Call Cheryl at Sotar, she'll tell you all about it, I'm sure.


----------



## lmaciag (Oct 10, 2003)

Bought an old SOTAR II March 2008. I called SOTAR and they were very helpful (it had been in the shop prior to purchase). It is a 1992 and still going strong at 17 years old. She went was on the water over 50 days last year including a Middle/Main Salmon and a Grand trip.

It is showing signs of wear. Applied the paint on wear pads on the bottom corners as they were pretty beat up (took her down Westy last weekend and seems to be working). The one thing is the chafe strip on the inside near the floor is coming off, though not structural to the boat. 

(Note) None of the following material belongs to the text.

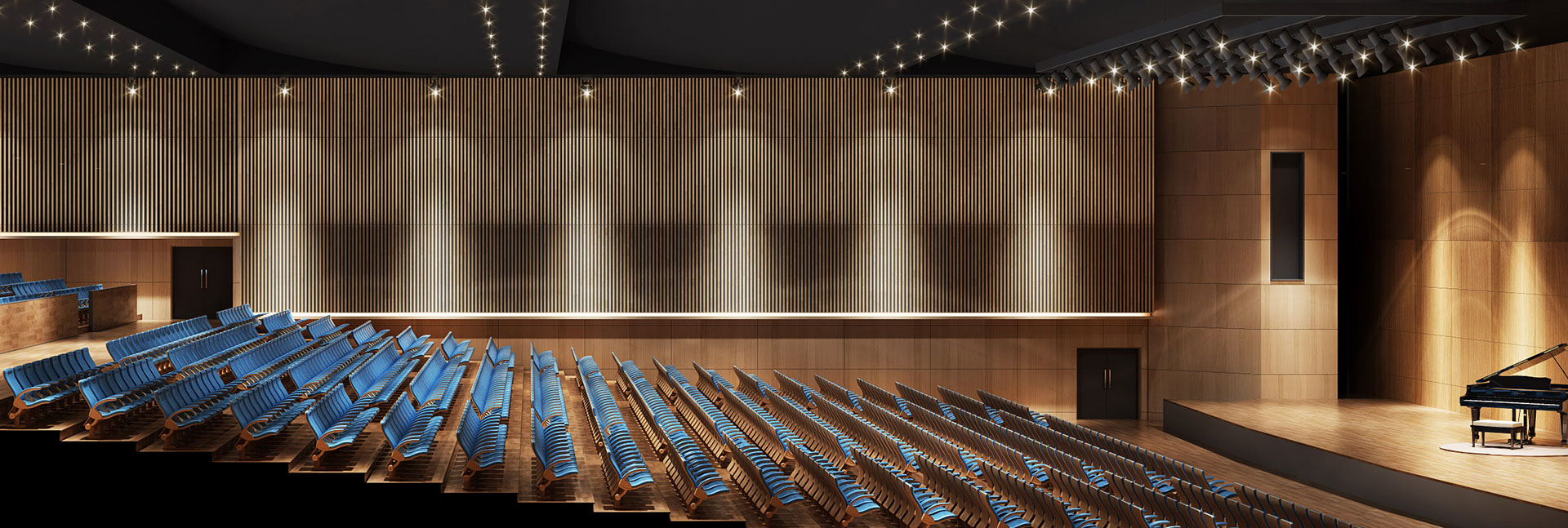 演艺建筑的声学设计涉及结构,体形设计,音质设计与隔声等。对于自然声演出的演艺建筑,声学设计主要以建筑声学为主,如自然声演出的音乐厅。

One issue is the valves are the old Halkey Roberts valves that are no longer made. I paid around $35 a piece for spares from SOTAR that were obviously from a retired boat and they had very few left. Also, the new HR valve tool does not work. SOTAR selles a piece of pvc with notches; however, when trying to clean the valves this spring that tool was destroyed and couldn't remove them. The floor has a new Leafied pressure relief valve (installed at factory before purchase).

Cost was 1k, but had to pay $230 to ship it. I feel the price was fair. I love this boat!!! My avatar shows her in action on the 'Roaring Twenties' in November.


----------



## riverdoghenry (Nov 18, 2008)

The last two digits of the serial number is typically the year model for most companies.


----------



## northfwestg (Feb 23, 2006)

*sotar*



riverdoghenry said:


> The last two digits of the serial number is typically the year model for most companies.


well i bought a used sotar 14 made in 1992, got it from a gauly guide, it had three pinholes and a huge patch in the bow starboard tube, i patched the three pinholes, and r-3ed it in a idaho creek and some mantana class three, it would hold air ok, topped it off every 4 hours to keep her tight, then oneday all the glue seams delaminated, totally sooooo i gave it away anyhoo i paid 400 for it,


----------